*** Opening of SUPPLIED MATERIAL ***
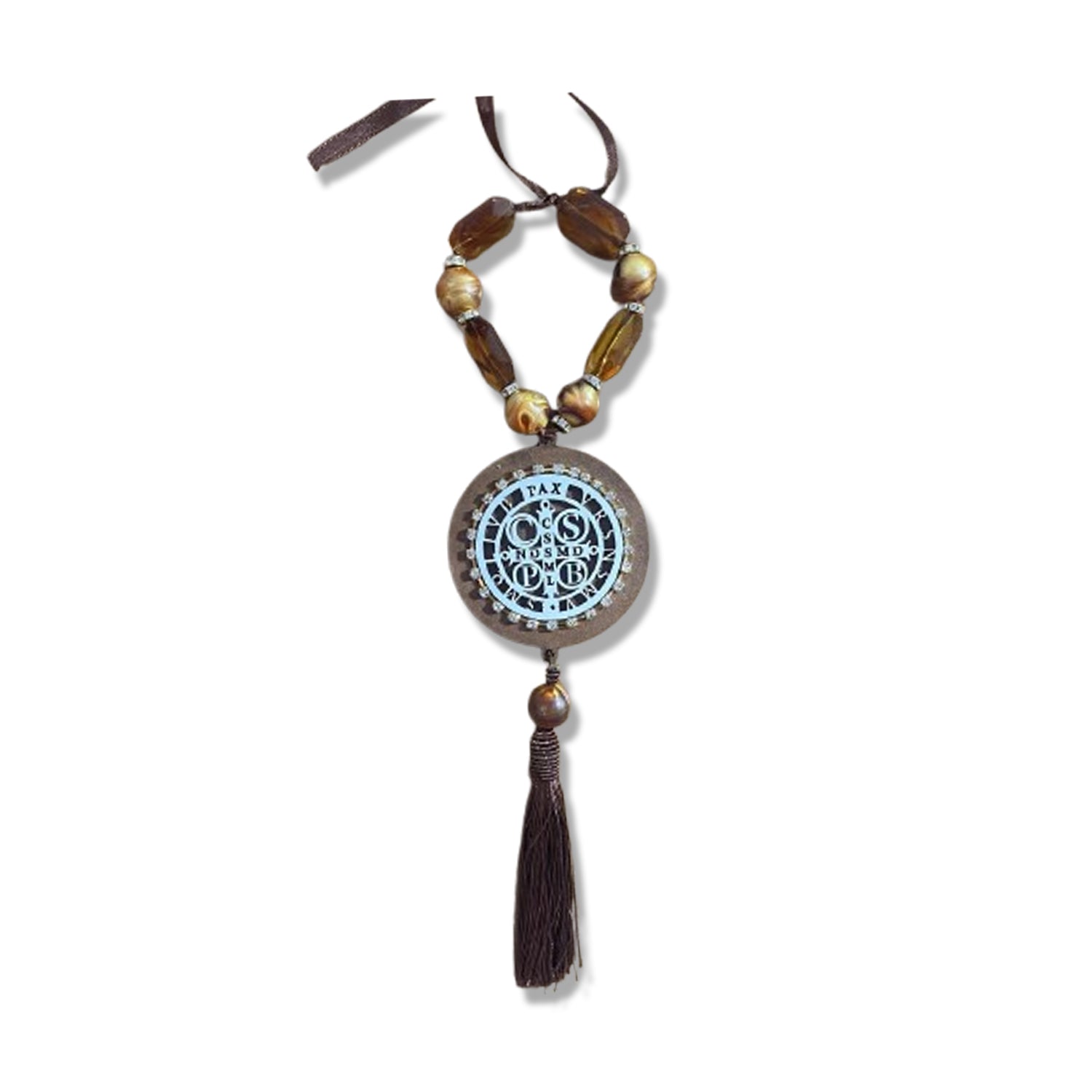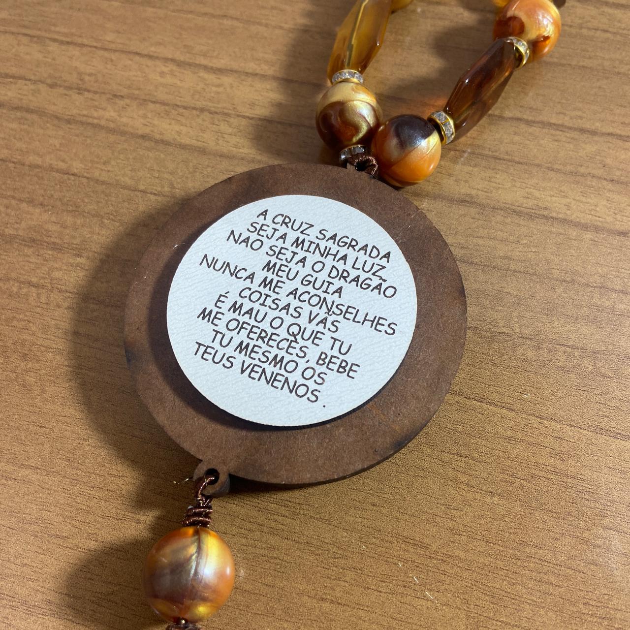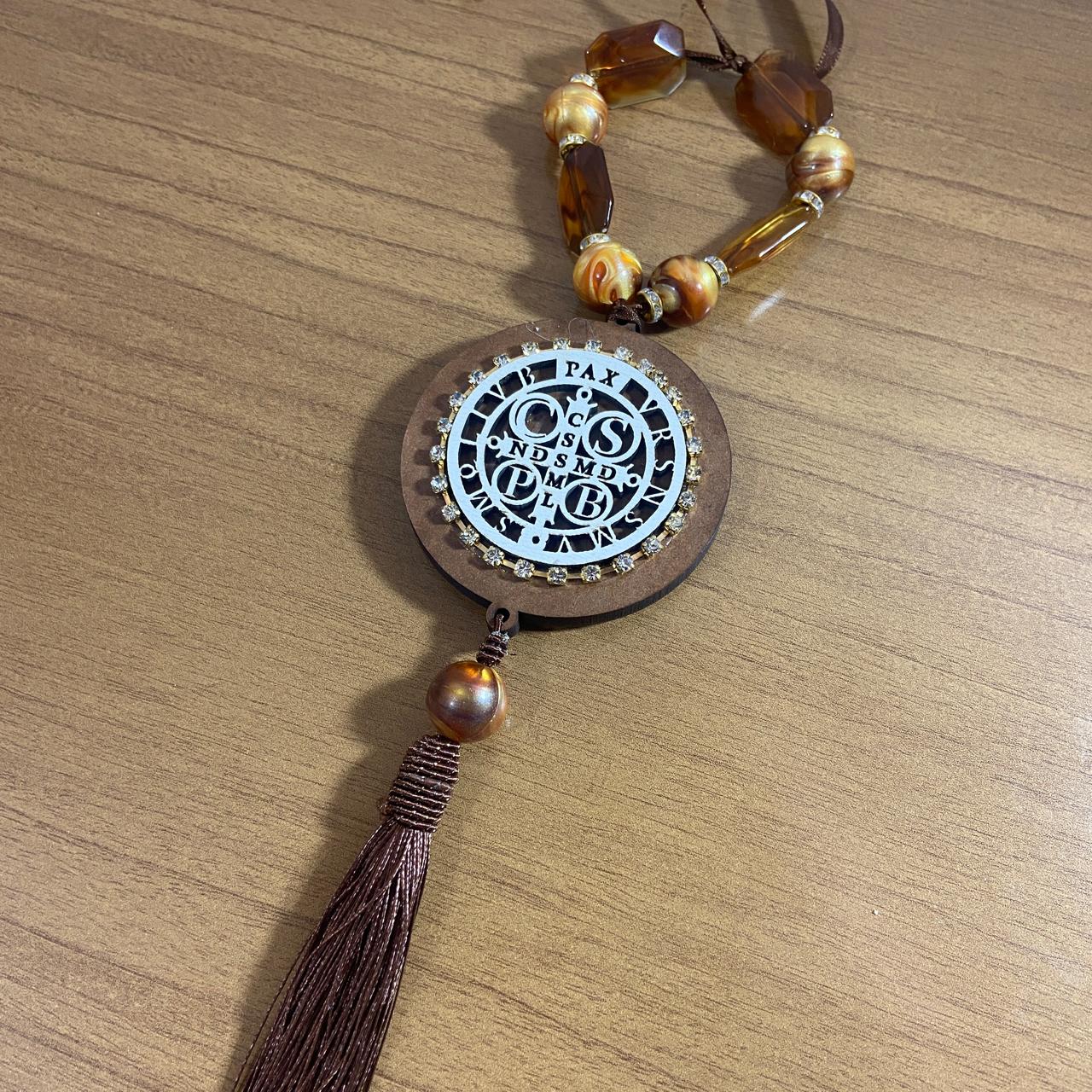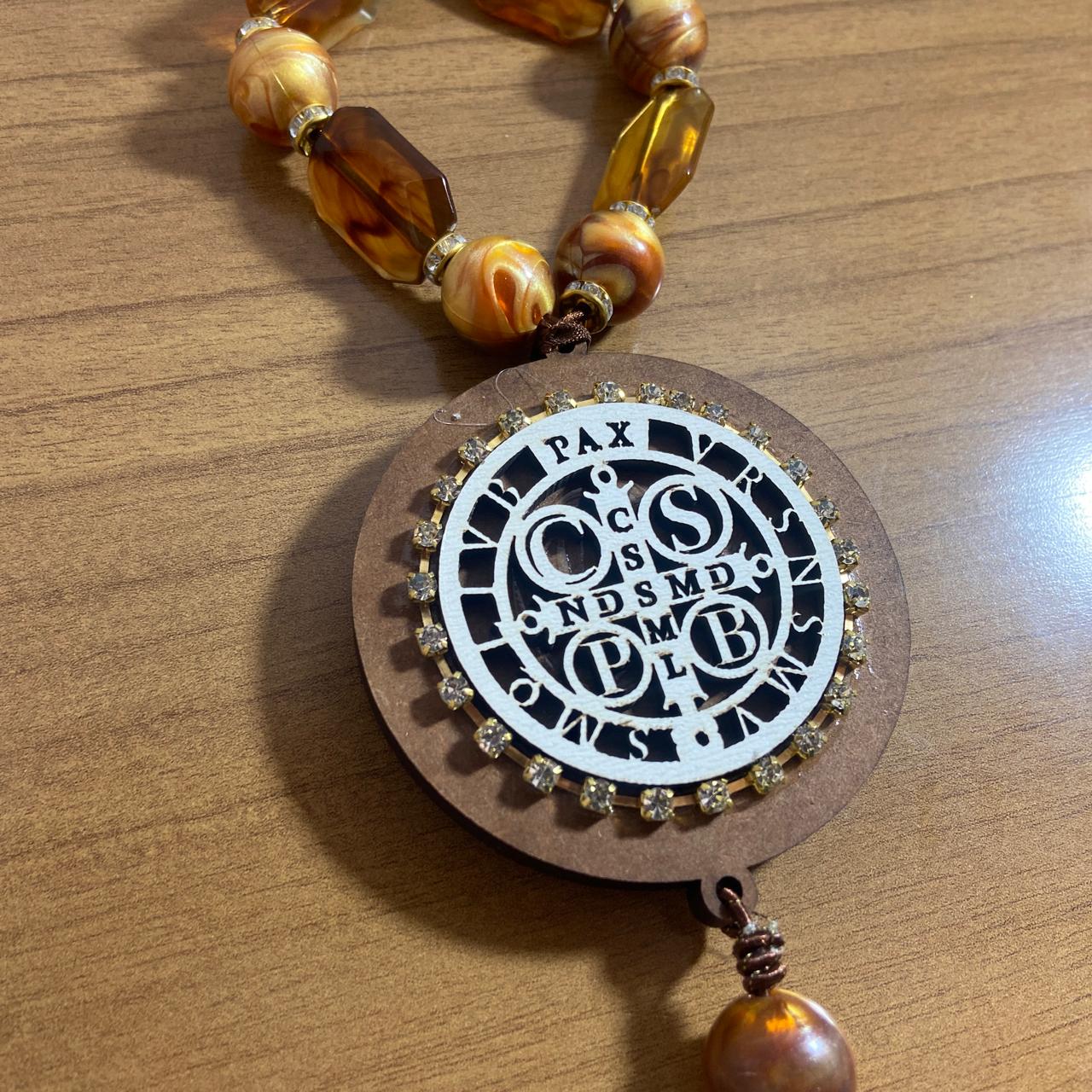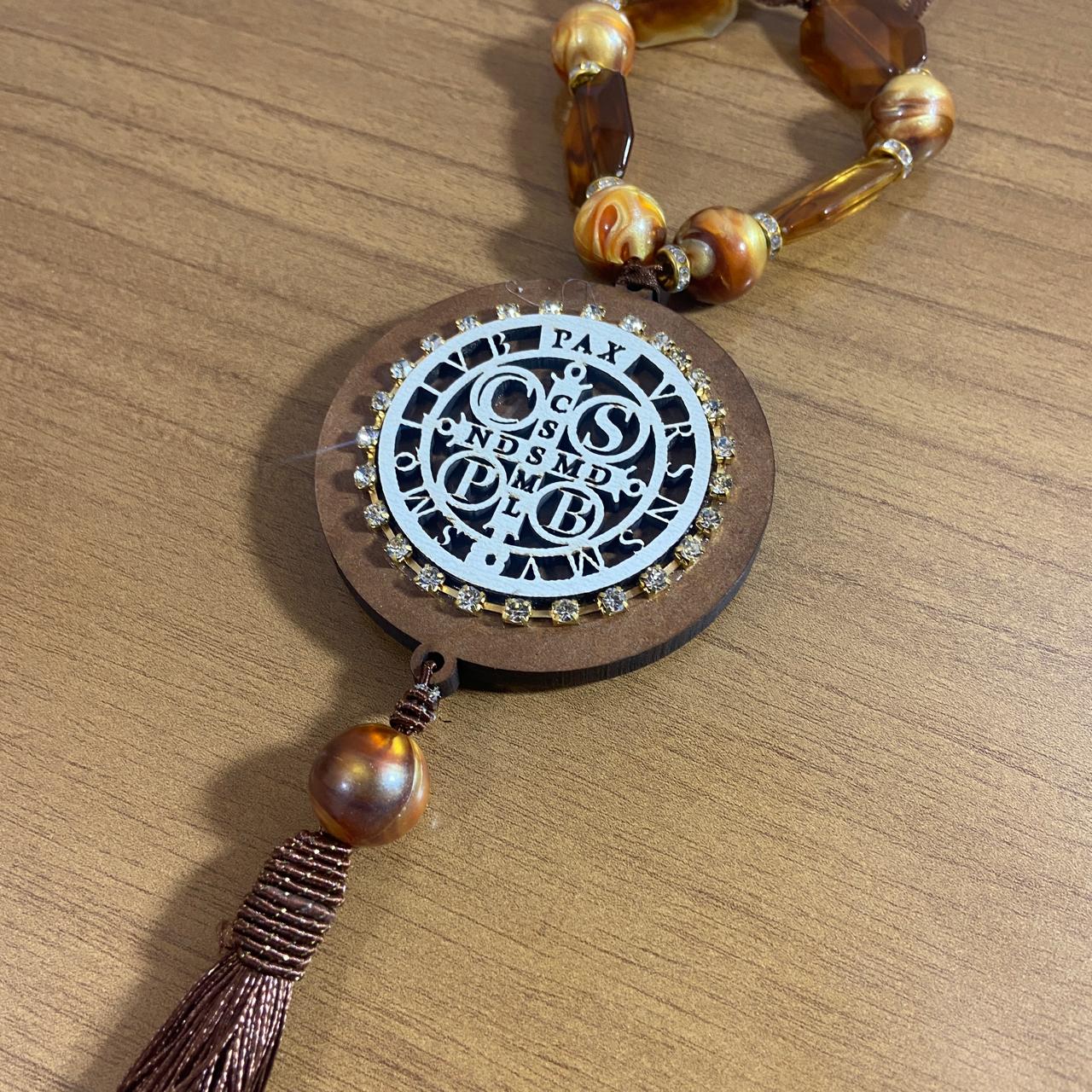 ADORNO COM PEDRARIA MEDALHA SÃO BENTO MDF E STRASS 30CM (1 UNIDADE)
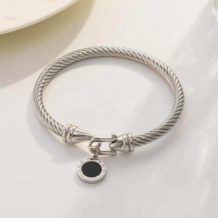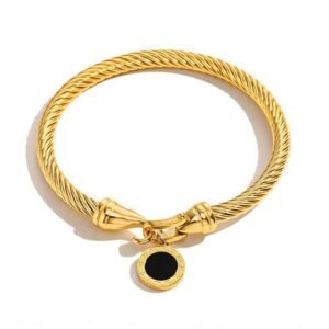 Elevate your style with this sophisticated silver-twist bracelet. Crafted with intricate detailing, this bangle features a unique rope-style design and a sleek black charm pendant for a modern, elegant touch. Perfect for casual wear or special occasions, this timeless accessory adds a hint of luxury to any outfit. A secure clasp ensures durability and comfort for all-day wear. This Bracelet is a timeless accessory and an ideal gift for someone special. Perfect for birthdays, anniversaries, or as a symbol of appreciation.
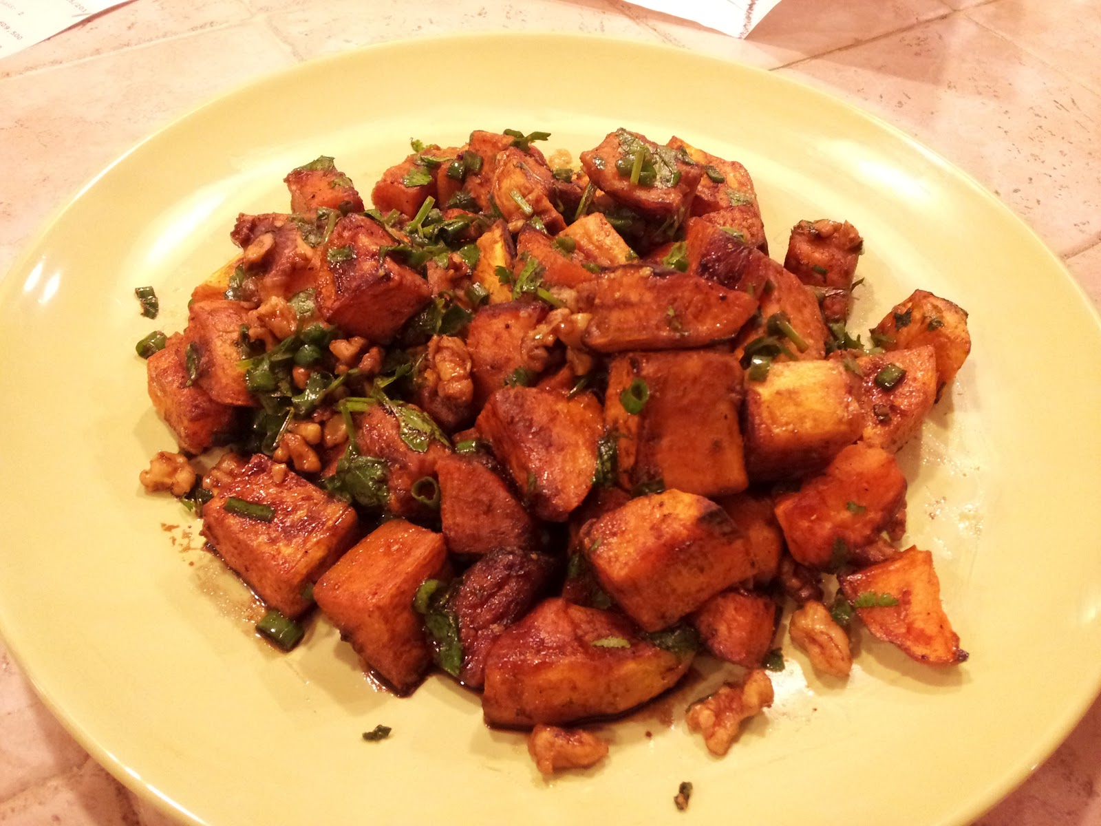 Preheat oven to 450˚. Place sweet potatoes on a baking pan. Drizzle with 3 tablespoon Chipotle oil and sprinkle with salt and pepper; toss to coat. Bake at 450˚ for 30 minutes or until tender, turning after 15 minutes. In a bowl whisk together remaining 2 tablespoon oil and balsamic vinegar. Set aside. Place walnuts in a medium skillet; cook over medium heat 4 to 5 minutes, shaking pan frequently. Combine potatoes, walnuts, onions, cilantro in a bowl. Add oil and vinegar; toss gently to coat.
*** Close of SUPPLIED MATERIAL ***
_WHAT THE TASK ASKS_
Reproduce the listing exactly, images omitted.

_WRITTEN ANSWER_
 ADORNO COM PEDRARIA MEDALHA SÃO BENTO MDF E STRASS 30CM (1 UNIDADE)
 Elevate your style with this sophisticated silver-twist bracelet. Crafted with intricate detailing, this bangle features a unique rope-style design and a sleek black charm pendant for a modern, elegant touch. Perfect for casual wear or special occasions, this timeless accessory adds a hint of luxury to any outfit. A secure clasp ensures durability and comfort for all-day wear. This Bracelet is a timeless accessory and an ideal gift for someone special. Perfect for birthdays, anniversaries, or as a symbol of appreciation.
 Preheat oven to 450˚. Place sweet potatoes on a baking pan. Drizzle with 3 tablespoon Chipotle oil and sprinkle with salt and pepper; toss to coat. Bake at 450˚ for 30 minutes or until tender, turning after 15 minutes. In a bowl whisk together remaining 2 tablespoon oil and balsamic vinegar. Set aside. Place walnuts in a medium skillet; cook over medium heat 4 to 5 minutes, shaking pan frequently. Combine potatoes, walnuts, onions, cilantro in a bowl. Add oil and vinegar; toss gently to coat.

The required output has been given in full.